The TMA strip mall dojos figured this out a long time ago. Bring in the kids with the soccer moms who are more than willing to pay for every belt test. Market it as not only self defense, but self discipline and character building. Put some motivational sayings up on the walls.
Suburban parents just eat that stuff up.
I go to the tournaments. The coaches look like criminals and are carrying knives. The old dads coaching their kids are indistinguishable from the coaches. My son’s last match, his instructor and I both knew the other kid’s coach from back in the day. He would beat people to a pulp in street fights over very minor things.
At the same time, walking around these tournaments, I see nerdy Chinese families with their nerdy Chinese kids, and I wonder: “How did they find this?”
BJJ is like the woman who had a past before she was married, and now we’re going to pretend it never happened.
Nakai might be the toughest SOB anyone ever fought. People forget, there was a very good greco super heavyweight in that tournament who probably should have made it to the finals with Rickson, but he lost to a guy who was probably 150 pounds lighter and basically blind the entire fight.

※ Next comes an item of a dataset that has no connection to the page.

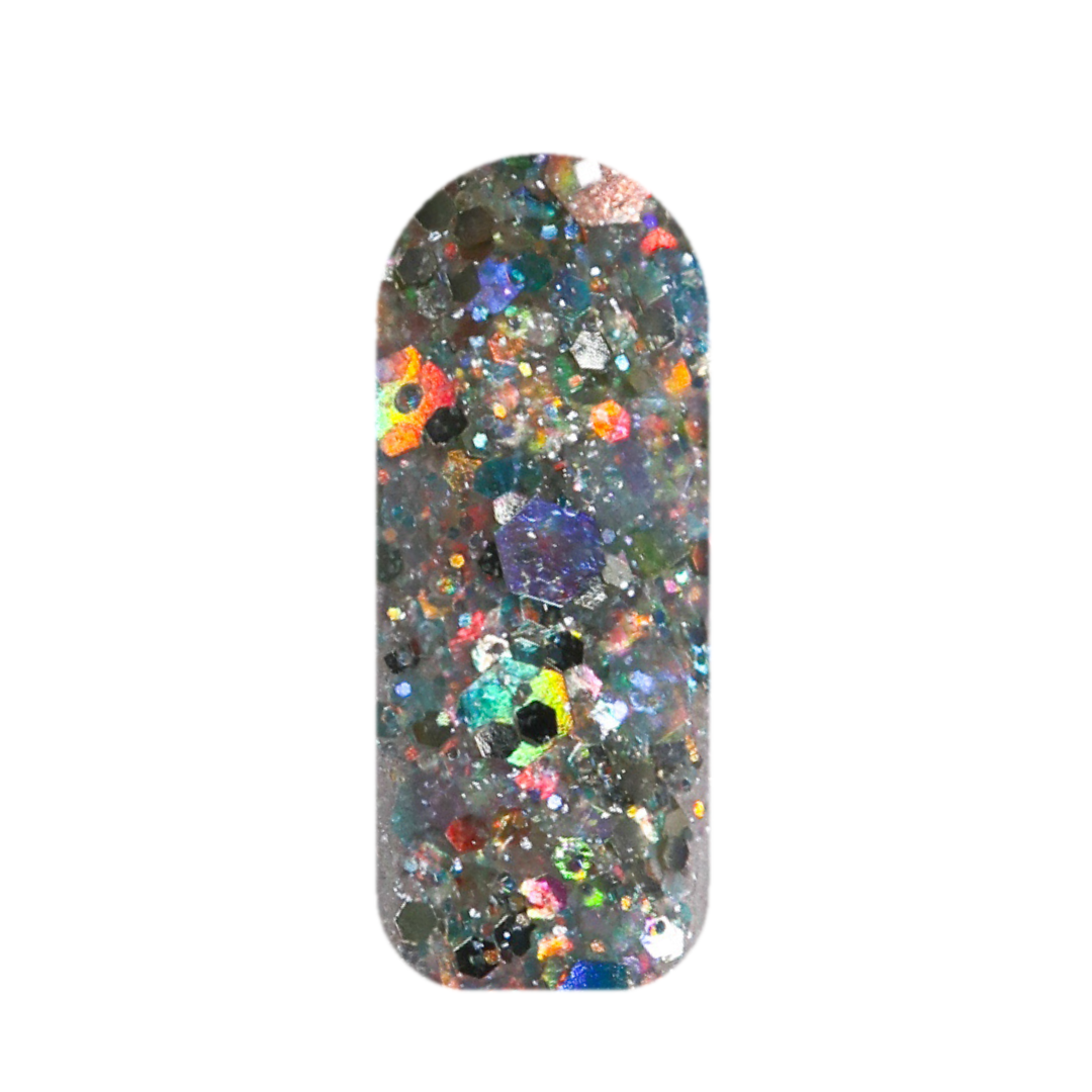 A clear dip powder packed with holographic and iridescent glitter, perfect for layering or wearing on its own.

Went on the coach one of the greatest grapplers in MMA history.
Nakai will be welcomed into the afterlife by Athena personally. A fucking legend.
I’ve been around fighting long enough that when people say “man, no matter what you say about them, it takes balls to get in that cage” I think “no, for a lot of fighters it would take more balls not to get in there.”

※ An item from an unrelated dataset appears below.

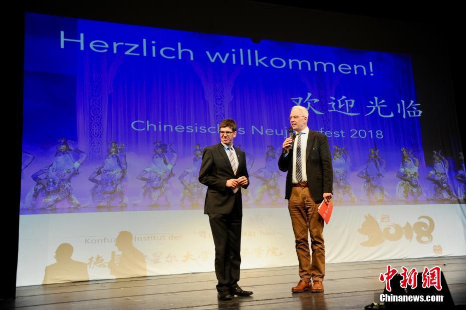 当地时间2月26日晚,特里尔大学孔子学院在当地主办了一场别开生面的春晚,让马克思故乡德国特里尔热闹非凡。图为特里尔市长和特里尔大学校长致辞。中新社记者 彭大伟 摄
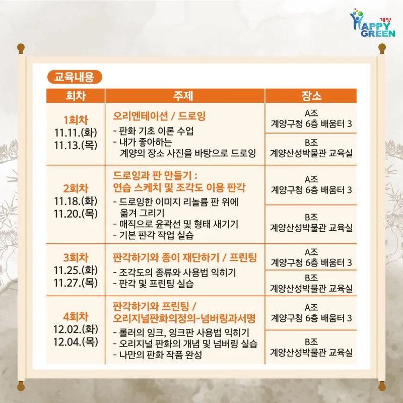 리놀륨판화강좌 <계양 우리동네 판화, 나의 시선으로 찍다> 수강생 모집

LOL. I was learning and using leglocks as a white belt in 2000. When I briefly got back into the sport 2 years ago, I almost subbed a purple with a leg. He was like “wtf where did you learn that…
Since I was a 40 year old white belt, I didn’t immediately hammer into it, I started easing into it when I had the limb, but he’s a purple and escaped.

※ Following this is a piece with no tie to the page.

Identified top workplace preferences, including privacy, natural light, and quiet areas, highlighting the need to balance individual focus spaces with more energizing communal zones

Maybe someone can help me out with the name, I never learned that. When your opponent stands up in the guard, you switch your hips and rotate 180 to lock in a knee-bar
Haha nice dodge of my question. I can tell when I brought that up it hurt some feelings on here - I’ll tell you what, later tonight I’ll see what I can find on this issue and post it ..
I honestly think Rickson probably would have won. Royce fought him for 90 minutes and was vastly physically inferior to Rickson without even bringing BJJ into the equation. And then Royce won the rematch. Sure, he was juiced to the gills but Rickson could have done the same in a Pride match. They encouraged steroid use.
The problem is Rickson beating Sak wouldn’t have really done anything for GJJ. He was praised as the best in the family so it would be expected. But if he lost that would have hurt the brand badly. Maybe irreparably. And it was very much a brand and a business. So the downside of a match would be a lot greater than the upside.
A lot of the moves that have names now didn’t have names back then. I know exactly the move you’re talking about. I taught that move to some white belts in 2007. Back then it didn’t even occur to me that it should have its own special name.
Also I remember I would teach them moves, and sometimes one of them would say: “Isn’t that illegal?”
Well, good to know I’m not stupid. I was 145lbs back then, so I used to get stacked in guard A LOT (my coach didn’t believe in weight class rolling..) I got real proficient at it.
If it’s the move I’m thinking of that would be considered “reaping the knee”. I did it after coming back to JJ after years and was told it was illegal. Also, half the time I went for a choke I was accused of neck cranking, which was legal when I trained. I gave up the neck crank entirely back then because I could never get a tap from it lol.